Kathy Peters, who lost her job Wednesday as director of recruitment for DeSales High School in Geneva, N.Y., told the Finger Lakes Times she felt she was “stabbed in the back by the administration.”

“I just knew [I was in trouble], but I didn’t think they were going to fire me,” she said. “I thought I was going to get a reprimand.”

In her May 6 letter to the Times, Peters also said public schools spend too much money on new buildings at the expense of education.

The letter touched off a firestorm of response to the paper from DeSales graduates and Geneva City School District employees.

Dr. Karen Juliano, DeSales’ principal, said the policy of the Rochester Roman Catholic Diocese is not to comment on personnel matters.

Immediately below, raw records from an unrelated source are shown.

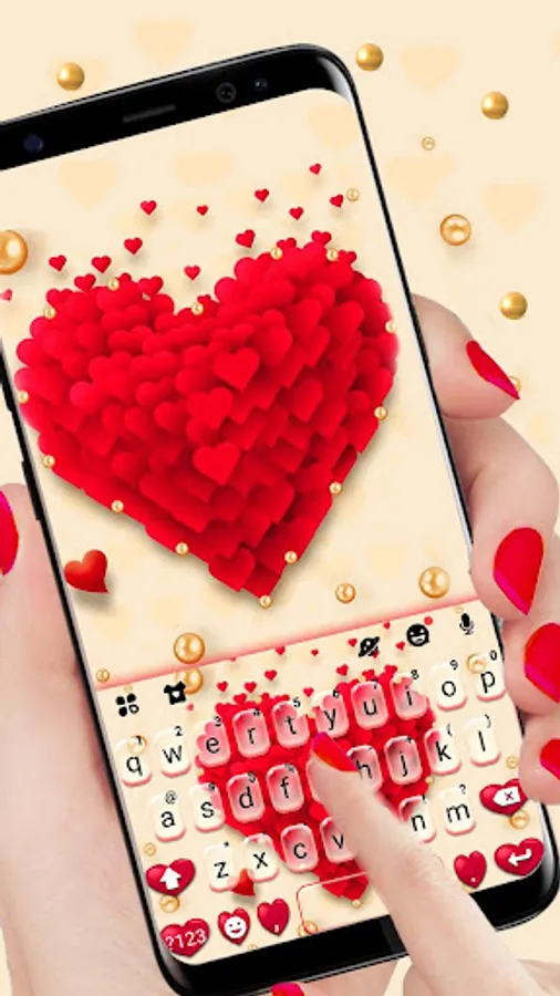 Red Valentine Hearts emoji keyboard covering over 150 languages, 6000+ Colorful Themes and DIY ThemesIf you love funny keyboard emojis and different keyboard background, keyboard fonts, wallpaper, sounds and layout, the Red Valentine Hearts theme is your cup of tea.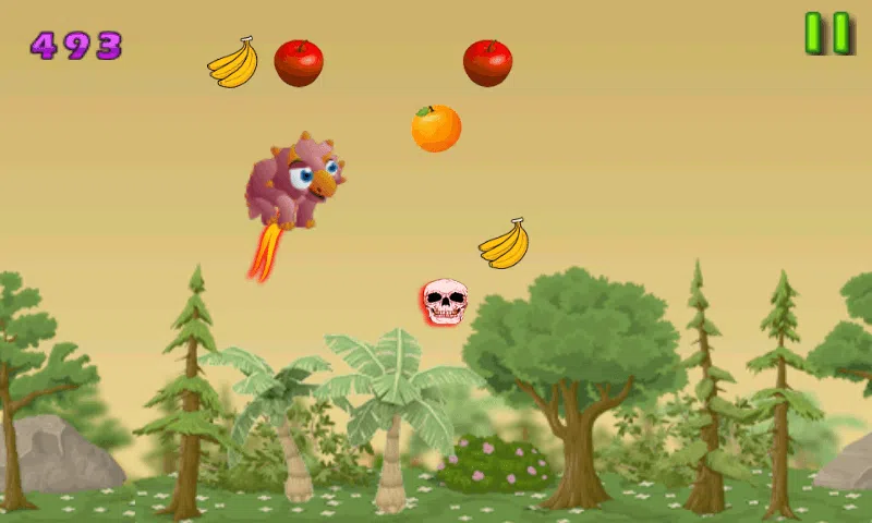 这是谁住在茂密的森林中的恐龙。他是个水果的爱人和喜欢吃不同大小的不同美味的水果。他是在森林抢到手在丛林中长大美味的水果。但是,这些水果都挂得很高的树木。这种恐龙需要你的帮助可达这些美味的水果。让他实现这些水果,你需要把恐龙在蹦床。使用这个蹦床,你可以让他跳得更高,更高。所以他能跳和跳这个蹦床,达到树果实的高度。放置蹦床,恐龙会跳就可以了,走得更高,然后掉下来。请确保您再次将蹦床,在正确的地方,所以恐龙可以再跳一次。如果你错过了把蹦床在正确的地方,恐龙会落在坑里。所以,要小心,不要伤害他。 而很少有危险也隐藏在水果之间。有一个致命的黑魔法头骨,如果恐龙碰撞,就会受到伤害。所以,要小心这种危险的黑魔法,并相应地引导恐龙。 有乐趣喂养恐龙,有很多水果。享受其中的乐趣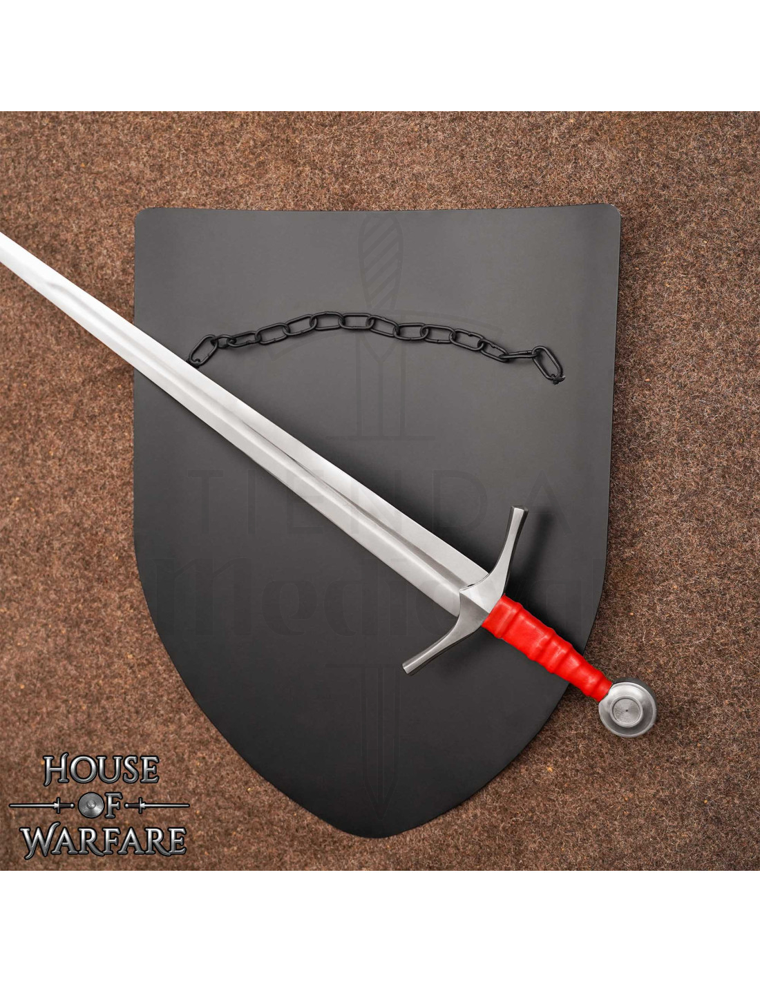 Le Bouclier médiéval en acier lisse avec chaîne, couleur noire offre une construction en acier résistant qui supporte le rythme des pratiques, des batailles d'interprétation et des mises en scène, sans sacrifier l'esthétique. Son finition mate facilite la personnalisation, vous pourrez donc peindre des blasons, des écus de famille, des symboles de votre groupe ou un design fantastique avec des résultats professionnels.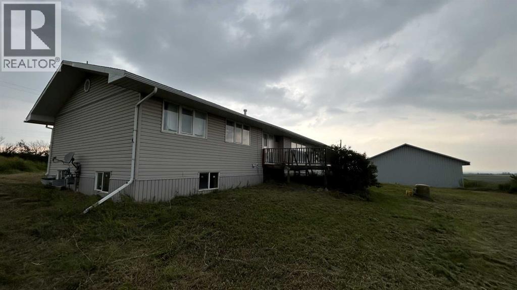 Here’s your chance to own a beautiful 4-acre parcel in the countryside—just under 55 minutes from Calgary! Nestled beside a scenic coulee with a small pond, this spacious 1,500+ sq. ft. bungalow offers the perfect blend of rural charm and practical potential.The home features three bedrooms and 1.5 bathrooms, with a framed basement ready for development—just waiting for your personal touch. Finish it off and complete a few remaining renovations on the main floor to instantly add value and equity.Additional highlights include:Two insulated barns/workshops 36mX18m– both built in 2022Attached garage/workshopTwo decks, including a massive 24’ x 14’ west-facing deck for ultimate privacyNew hot water tankHighly insulated foundationAbundant electrical powerWell + municipal water for reliable supplySecond driveway access – ideal for future development, additional buildings, or a large workshopThis home offers incredible potential for a renovation project, flip, or a dream home with built-in equity. With this much land and infrastructure at such an affordable price, it's a rare find in today’s market. (id:63190)

But Juliano wrote a letter published by the Times explaining Peters’ missive “did not represent DeSales High School, was not authorized by DeSales High School, and does not represent the opinions of the board of trustees, administration, faculty, staff and students of DeSales High School. We certainly do not wish to use the ‘Letters to the Editor’ section of the local newspaper as a recruiting tool.”

Peters, who served as principal of another Catholic school for nine years, said she was shocked Juliano specifically reprimanded her for mentioning Jesus’ name in the letter.

As Catholic educators, she noted, Jesus is the reason for everything they do.

The fired administrator insists the letter had nothing to do with recruiting, and she was speaking of public schools in general.

“It wasn’t what I was intending at all,” she told the Geneva paper. “I was trying to support the public school teachers by saying where the money should go.”

Peters said she also did not sign the letter as an employee of the Catholic school. But the paper’s policy is to list the title if it’s relevant to the topic.

Peters told the Times she was shocked at the lack of support from her school and the diocese.

“I just feel like I was really betrayed by the diocese, because they gave the approval for this,” she said. “I’m so tired of this diocese and their injustice to Catholic education. This diocese, I don’t care what they say, does not support Catholic education.”

She also feels persecuted by Bishop Matthew Clark, the Times reported.

“What burns me up is that they said I did more damage to that school with my letter than anyone else and that they’ll never be able to repair the damage,” she said. “I have trouble believing that one letter to the editor could do all this.”

Peters, who apologized for causing so much stress to school employees and students, said she plans to take the next two weeks to spring clean then look for a new job.